Before I go on, I want to give a shout-out here to all my asexual friends: many, many people are not interested in sex, and that's perfectly fine. I am actually very grateful to the asexual and demisexual community for providing me with a safe space to explore my feelings about sexuality without things being said like, "So you've never had a sexual fantasy?!" They were a wonderful, supportive, and accepting group, and they didn't even blame me when, after a few months of searching, I concluded that I was indeed sexual, but just very disconnected.
What brought about the turnaround for me was something I had started doing for completely different reasons: a meditation technique called body scan.
By sitting quietly and focusing my attention on how my body felt, I realized how disconnected I was from my body. It slowly made me aware of hundreds of subtle feelings that were constantly happening beneath my consciousness.
It also helped clear the way for sexual sensations – and slowly I noticed that I experienced pleasure or arousal with certain touches or certain thoughts.
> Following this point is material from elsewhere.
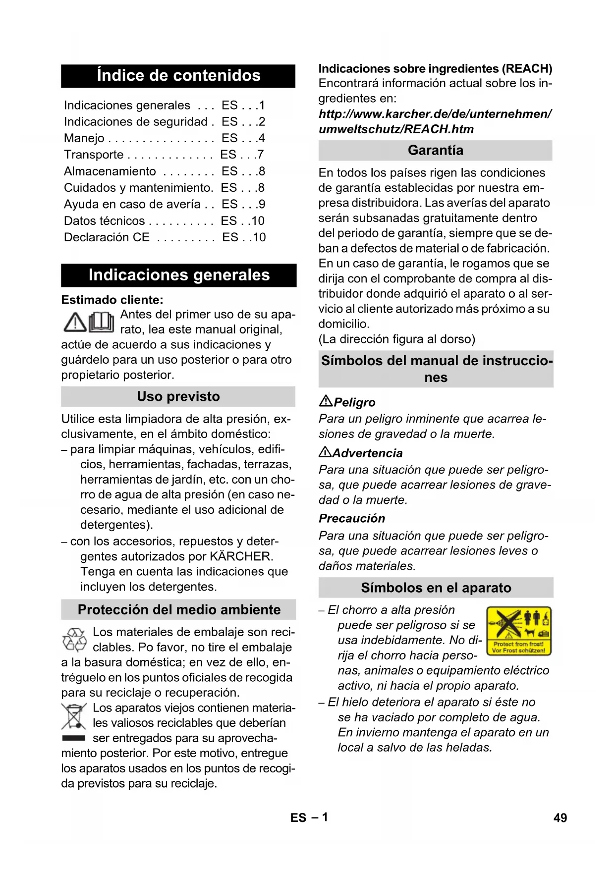 - dB(A) 89 CE-verklaring Product: Hogedrukreiniger Type: 1.180-xxx 1.181-xxx Van toepassing zijnde EG-richtlijnen 2006/42/EG (+2009/127/EG) 2004/108//EG 2000/14/EG Toegepaste geharmoniseerde normen EN 55014–1: 2006 + A1: 2009 EN 55014–2: 1997 + A2: 2008 EN 60335–1 EN 60335–2–79 EN 61000–3–2: 2006 + A2: 2009 EN 61000–3–3: 2008 EN 62233: 2008 Toegepaste conformiteitsbeoordelings- procedure 2000/14/EG: Bijlage V Geluidsvermogensniveau dB(A) Gemeten: 87 Gegarandeerd: 89 CEO Head of Approbation 48 NL– 1 Estimado cliente: Antes del primer uso de su apa- rato, lea este manual original, actúe de acuerdo a sus indicaciones y guárdelo para un uso posterior o para otro propietario posterior. Utilice esta limpiadora de alta presión, ex- clusivamente, en el ámbito doméstico: – para limpiar máquinas, vehículos, edifi- cios, herramientas, fachadas, terrazas, herramientas de jardín, etc. con un cho- rro de agua de alta presión (en caso ne- cesario, mediante el uso adicional de detergentes). – con los accesorios, repuestos y deter- gentes autorizados por KÄRCHER. Tenga en cuenta las indicaciones que incluyen los detergentes. Los materiales de embalaje son reci- clables. Po favor, no tire el embalaje a la basura doméstica; en vez de ello, en- tréguelo en los puntos oficiales de recogida para su reciclaje o recuperación. Los aparatos viejos contienen materia- les valiosos reciclables que deberían ser entregados para su aprovecha- miento posterior. Por este motivo, entregue los aparatos usados en los puntos de recogi- da previstos para su reciclaje. Indicaciones sobre ingredientes (REACH) Encontrará información actual sobre los in- gredientes en: http://www.karcher.de/de/unternehmen/ umweltschutz/REACH.htm En todos los países rigen las condiciones de garantía establecidas por nuestra em- presa distribuidora. Las averías del aparato serán subsanadas gratuitamente dentro del periodo de garantía, siempre que se de- ban a defectos de material o de fabricación. En un caso de garantía, le rogamos que se dirija con el comprobante de compra al dis- tribuidor donde adquirió el aparato o al ser- vicio al cliente autorizado más próximo a su domicilio. (La dirección figura al dorso) Peligro Para un peligro inminente que acarrea le- siones de gravedad o la muerte. 몇 Advertencia Para una situación que puede ser peligro- sa, que puede acarrear lesiones de grave- dad o la muerte. Precaución Para una situación que puede ser peligro- sa, que puede acarrear lesiones leves o daños materiales. – El chorro a alta presión puede ser peligroso si se usa indebidamente. No di- rija el chorro hacia perso- nas, animales o equipamiento eléctrico activo, ni hacia el propio aparato. – El hielo deteriora el aparato si éste no se ha vaciado por completo de agua. En invierno mantenga el aparato en un local a salvo de las heladas. Índice de contenidos Indicaciones generales

The media will tell you that great sex means you have to be wildly experimental, master the right oral sex techniques, and try many different positions. All these factors can contribute to a great sex experience. But above all, the most important thing for sex to be great is a deep connection with your body and fully experiencing the sensations you feel.
That level of body connection is not obvious for many people.
Especially if you're a bit of a nerd like me, or if you have a lot of guilt or shame about your body, or if you've adopted the typically Western view that the physical is inherently inferior to the mental and spiritual, it can be difficult to be fully present and connected to your body.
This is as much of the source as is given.